Átta, ottavo album dei Sigur Rós dopo dieci anni, abbraccia un minimalismo estremo rispetto ai lavori precedenti. L'assenza di batteria e suoni evidenti di chitarra crea un'atmosfera delicata e contemplativa. Pur diverso dal loro classico post-rock, l'album conquista con tessiture orchestrali sottili e immersive. Un ritorno coraggioso che mantiene intatto il marchio della band islandese. Ascolta Átta per un viaggio sonoro unico nel minimalismo di Sigur Rós.

 In quei 24 minuti sono stati bravissimi a dire tutto ciò che c’era da dire, è tutto breve ma esauriente.

 Se con un prodotto breve e derivativo si rischia di finire fra i top dell’anno vuol dire che si è fatto un lavoro eccelso!

L'EP 'North Star' dei Pendragon riprende il neo-prog romantico di 'Love Over Fear' proponendo quattro tracce degne di nota in soli 24 minuti. L'opera si caratterizza per un equilibrio fra virtuosismo chitarristico di Nick Barrett e atmosfere luminose guidate da Clive Nolan.
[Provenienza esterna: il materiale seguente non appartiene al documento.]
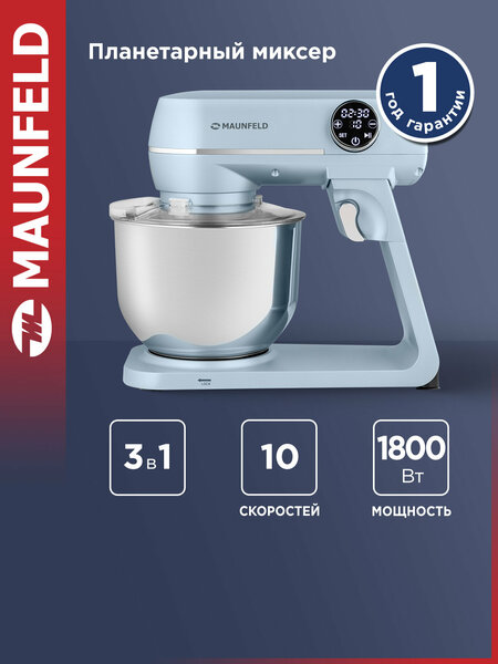 Особенности: Инновационный планетарный миксер органично сочетает в себе дизайн и функциональность, представляя вам кухонную технику совершенно нового уровня. Сенсорное управление. Десять скоростей, благодаря которым вы можете легко регулировать мощность работы миксера, выбрав идеально подходящую скорость. А дополнительный таймер с обратным отсчетом сделает работу с миксером еще удобнее, автоматизировав ее. Низкий уровень шума и вибрации. В устройстве сочетается тонко продуманная конструкция и великолепного качества материалы, что обеспечивает минимум шума и вибрации при работе миксера. Высокая мощность. Совершенное смешивание ингредиентов становится возможным благодаря надежному двигателю с высокой мощностью в 1800 Вт, а планетарная схема движения насадок обеспечит вам приготовление безупречной консистенции смеси. Полный набор насадок, который сокращает время работы на 40%. В комплекте предусмотрены 3 насадки:

Il lavoro espande le concessioni acustiche e folk dell'ultimo album, creando un suono arioso e coinvolgente, nonostante la breve durata. Un risultato che dimostra grande qualità e compattezza senza sacrificare profondità. Ascolta 'North Star' e immergiti nel raffinato mondo neo-prog dei Pendragon!

 Gli Yes continuano a perdere pezzi per strada ma la qualità dei loro lavori stranamente si rialza!

 Ciò che rende grandioso “Mirror to the Sky” è sostanzialmente il fatto che qui si torna a dare grande spazio alle composizioni lunghe ed articolate.

Mirror to the Sky dimostra che Yes mantiene vivo lo spirito del prog nonostante l'assenza dei membri storici. Le composizioni lunghe sono un ritorno di qualità, con Steve Howe protagonista. Alcuni brani brevi risultano meno ispirati, ma nel complesso l'album si posiziona come uno dei migliori degli ultimi decenni della band. Ascolta Mirror to the Sky e riscopri il vero spirito degli Yes!

 I Redemption hanno creato il disco temporalesco per eccellenza.

 Gli assoli sono tante cascatie di note poco fantasiose che allungano inutilmente le tracce.

I Redemption ritornano con il loro ottavo album 'I Am the Storm', un disco prog-metal solido e oscuro che conferma lo stile classico della band. L'atmosfera tempestosa e la potenza sonora sono elementi di spicco, ma l'eccesso di assoli e una produzione poco nitida ne limitano la forza. Le cover di Genesis e Peter Gabriel rappresentano note positive, anche se la varietà ritmica a volte sembra spezzare il fluire dei brani. Un lavoro che piace ai fan, ma non senza difetti evidenti. Scopri il nuovo album dei Redemption e immergiti in una tempesta di prog-metal!

 Il risultato invece è stato piuttosto sbalorditivo, più che mai impensato.

 Hanno voluto correre un rischio e ne è valsa la pena.

La recensione analizza il nuovo album dei Depeche Mode, Memento Mori, che segna un ritorno alle sonorità più pure e ispirate della band, superando le critiche degli ultimi vent’anni. Pur riconoscendo qualche elemento nostalgico, il disco viene considerato un lavoro maturo e fresco, capace di rinvigorire la carriera del duo dopo la scomparsa di Andrew Fletcher. Un ritorno al minimalismo sonoro e all’elettronica distintiva che ha reso celebre il gruppo. Scopri il nuovo suono di Depeche Mode con Memento Mori, un viaggio tra passato e presente!